- 流光引
- Genre: Historical, fantasy
- Based on: Poisonous Pampered Mercenary Princess Consort by Mao Xiaomao
- Written by: Wang Yu; Liao Xiaoyu;
- Directed by: Cheng Yuanhai
- Starring: Hans Zhang; Zhu Xudan;
- Country of origin: China
- Original language: Mandarin
- No. of episodes: 40

Production
- Production location: Xiangshan Global Studios
- Running time: ≈40 minutes per episode

Original release
- Network: Tencent Video
- Release: August 30 – September 20, 2024

= Fateful Love =

2024 Chinese TV series

Fateful Love is a 2024 Chinese romance fantasy television series adapted from the web novel Poisonous Pampered Mercenary Princess Consort. The series was directed by Cheng Yuanhai, who previously directed Ruyi's Royal Love in the Palace, and written by Wang Yu, who wrote Hi, Mom. Starring Hans Zhang and Zhu Xudan, it was first released on Tencent Video on 30 August 2024.

== Premise ==
Han Ziqing was commissioned by a biological company to retrieve an undetermined matter in a remote location. Han unfortunately fainted after pulling out a dagger in a cave. After coming to her senses, Han Ziqing found herself possessing someone similarly named in an ancient city. Han Ziqing in this period is the daughter born from the prime minister of the Tianque dynasty and his concubine.

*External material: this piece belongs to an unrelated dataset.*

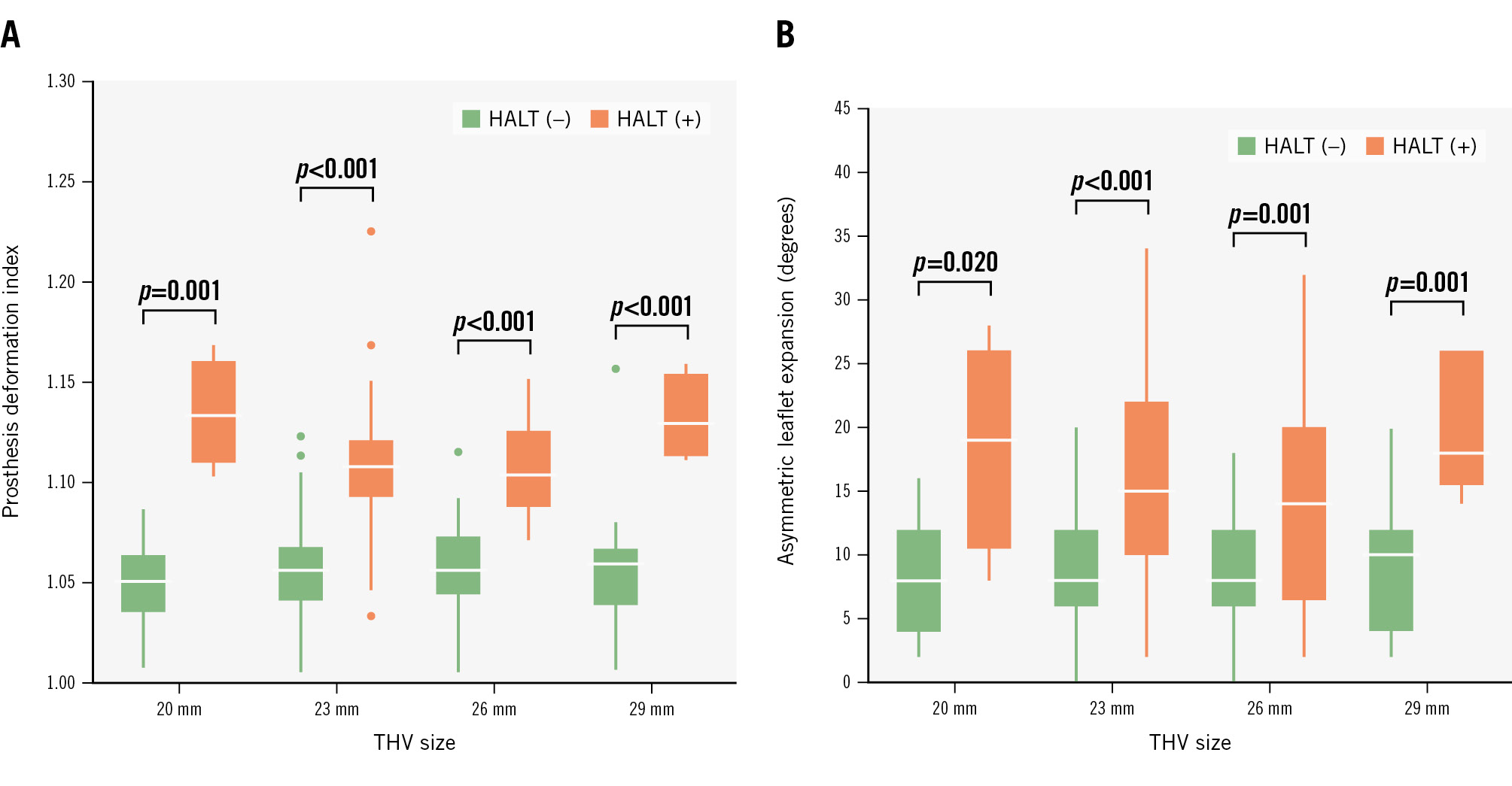 Compared with the nominal THV areas offered by the manufacturer, underexpansion of the implanted THV was observed at all levels of the S3UR frame in post-TAVI CT (Table 3). Regardless of the presence or absence of HALT, the expansion area percentage of the THV was the smallest at the prosthesis waist level with a median prosthesis deformation index of 1.06, indicating an hourglass-shaped implantation of the THV. However, patients with HALT had a larger prosthesis deformation index than those without HALT (1.11 [IQR 1.09-1.13] vs 1.06 [IQR 1.04-1.07]; p<0.001), and this difference was observed for all THV sizes (Figure 2A). THV eccentricity, ranging from 0.29 to 0.35 at each level of the THV, was comparable between the two groups at all levels, whereas asymmetric leaflet expansion was associated with HALT development (16° [IQR 9-22°] vs 8° [IQR 6-12°]; p=0.001). Larger asymmetric leaflet expansion in patients with HALT was also identified for all THV sizes (Figure 2B). The intra- and interobserver agreement was acceptable for the prosthesis deformation index (intraobserver ICC=0.94; interobserver ICC=0.91) and the asymmetric leaflet expansion (intraobserver ICC=0.95; interobserver ICC=0.91).

She finds herself entwined with the fourth prince, Jun Beiyue, in her quest to return to her reality.

== Production ==
The drama started filming at Xiangshan Global Studios in July 2021, and completed filming in November 2021.

== Reception ==
The Paper wrote that although the television series completed in 2021 and was only released in 2024 with almost no fanfare, it still received significant attention from the public, and managed to be listed on the top charts in China. While Hans Zhang's character styling was criticised, the plot progression kept the audience hooked on the series. In Beijing Youth Dailys review, it highlighted the strong female characters in Han Zhiqing and Nangong Qianqian were major highlights of the series.